═══ The data ═══
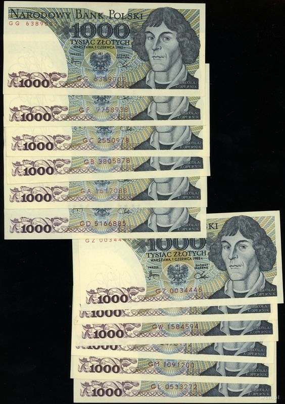 Polska, zestaw 12 banknotów o nominale 1.000 złotych, 1.06.1982
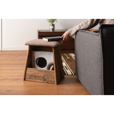 【検索キーワード】スツール サイドテーブル 簡易テーブル スリッパラック サブスツール 収納 雑誌置き ダイニング 玄関 ベッドサイド ソファサイド 椅子 コンパクト シンプル ナチュラル 古材 パイン材 天然木 ファブリック グレー ベージュ
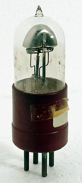 The anode is a flattened parabolic hood with a bright finish. The control grid is a series of wire loops attached to a flattened metal ring, seen under the anode hood. The B4 base is 31 mm in diameter.
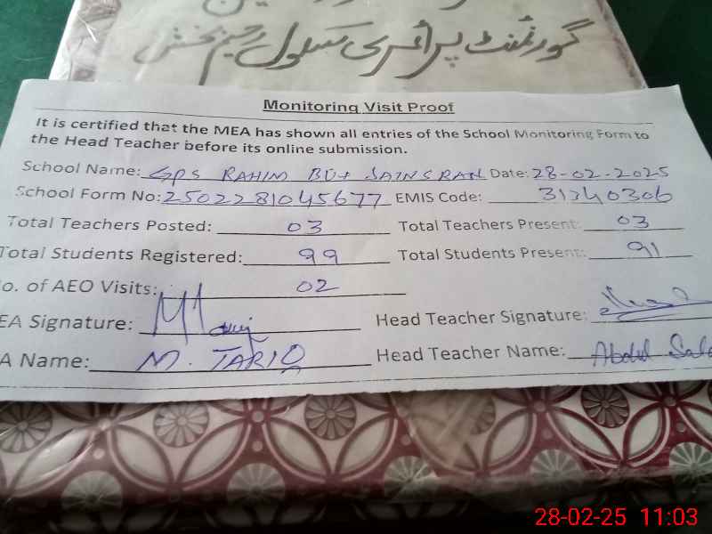 | EMIS Code: 31340306 | Name of School: GPS RAHIM BUX SANSARAIN | |||
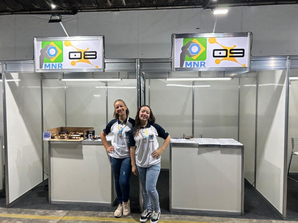 A Equipe AIROM, composta pelas discentes Ana Carolina Rodrigues Palmuti e Yasmin Camargo Ribeiro apresentaram os trabalhos, na MNR´2025, “Robótica: Educação STEAM nos 8° e 9° anos do ensino fundamental” e “Desenvolvimento de alarme de segurança para ambientes laboratoriais“, frutos de pesquisas de iniciação científica júnior.
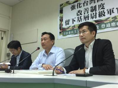 民進黨立委王定宇、蔡適應、羅致政今天(23日)表示,國軍基層「尉級」軍官缺員情況嚴重,認為不僅會影響部隊指揮戰力,更是危及國家安全,因此主張提案修改「陸海空軍軍官士官服役條例」,不僅延長「尉級」軍官的服役年限也提高作戰加給。
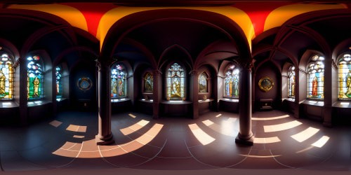 Masterpiece quality VR360 scene, ultra high res details. Focus on grand cathedral's exquisite stained glass, ethereal light streaming through. Contrasting, dark, intricately carved stone archways. Surreal art style, emphasis on color and texture contrast. VR360 view of vast, vaulted ceilings, intricate mosaic floor.
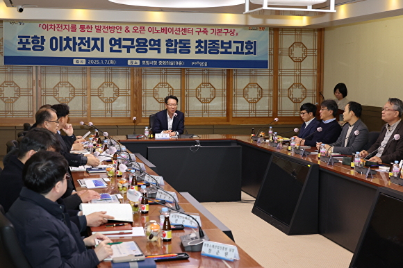 포항시는 7일 시청 중회의실에서 '이차전지산업을 통한 포항시 발전 방안'과 '이차전지 오픈 이노베이션센터 구축' 기본구상 용역에 대한 최종 통합보고회를 열었다.
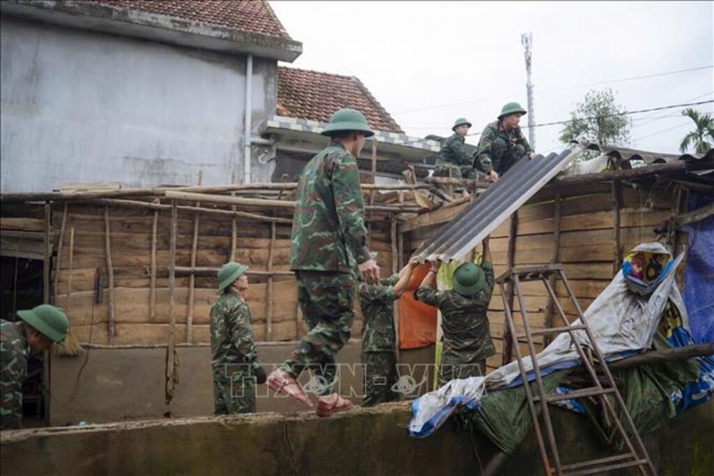| Lực lượng bộ đội ra quân giúp dân xây dựng và sửa chữa nhà cửa bị ảnh hưởng bởi mưa lũ tại xã Lộc An, thành phố Huế. |
═══
_What you will do_
Make an exact copy of every entry above, but keep the pictures out of it.

_Exercise answer_
 Polska, zestaw 12 banknotów o nominale 1.000 złotych, 1.06.1982
 【検索キーワード】スツール サイドテーブル 簡易テーブル スリッパラック サブスツール 収納 雑誌置き ダイニング 玄関 ベッドサイド ソファサイド 椅子 コンパクト シンプル ナチュラル 古材 パイン材 天然木 ファブリック グレー ベージュ
 The anode is a flattened parabolic hood with a bright finish. The control grid is a series of wire loops attached to a flattened metal ring, seen under the anode hood. The B4 base is 31 mm in diameter.
 | EMIS Code: 31340306 | Name of School: GPS RAHIM BUX SANSARAIN | |||
 A Equipe AIROM, composta pelas discentes Ana Carolina Rodrigues Palmuti e Yasmin Camargo Ribeiro apresentaram os trabalhos, na MNR´2025, “Robótica: Educação STEAM nos 8° e 9° anos do ensino fundamental” e “Desenvolvimento de alarme de segurança para ambientes laboratoriais“, frutos de pesquisas de iniciação científica júnior.
 民進黨立委王定宇、蔡適應、羅致政今天(23日)表示,國軍基層「尉級」軍官缺員情況嚴重,認為不僅會影響部隊指揮戰力,更是危及國家安全,因此主張提案修改「陸海空軍軍官士官服役條例」,不僅延長「尉級」軍官的服役年限也提高作戰加給。
 Masterpiece quality VR360 scene, ultra high res details. Focus on grand cathedral's exquisite stained glass, ethereal light streaming through. Contrasting, dark, intricately carved stone archways. Surreal art style, emphasis on color and texture contrast. VR360 view of vast, vaulted ceilings, intricate mosaic floor.
 포항시는 7일 시청 중회의실에서 '이차전지산업을 통한 포항시 발전 방안'과 '이차전지 오픈 이노베이션센터 구축' 기본구상 용역에 대한 최종 통합보고회를 열었다.
| Lực lượng bộ đội ra quân giúp dân xây dựng và sửa chữa nhà cửa bị ảnh hưởng bởi mưa lũ tại xã Lộc An, thành phố Huế. |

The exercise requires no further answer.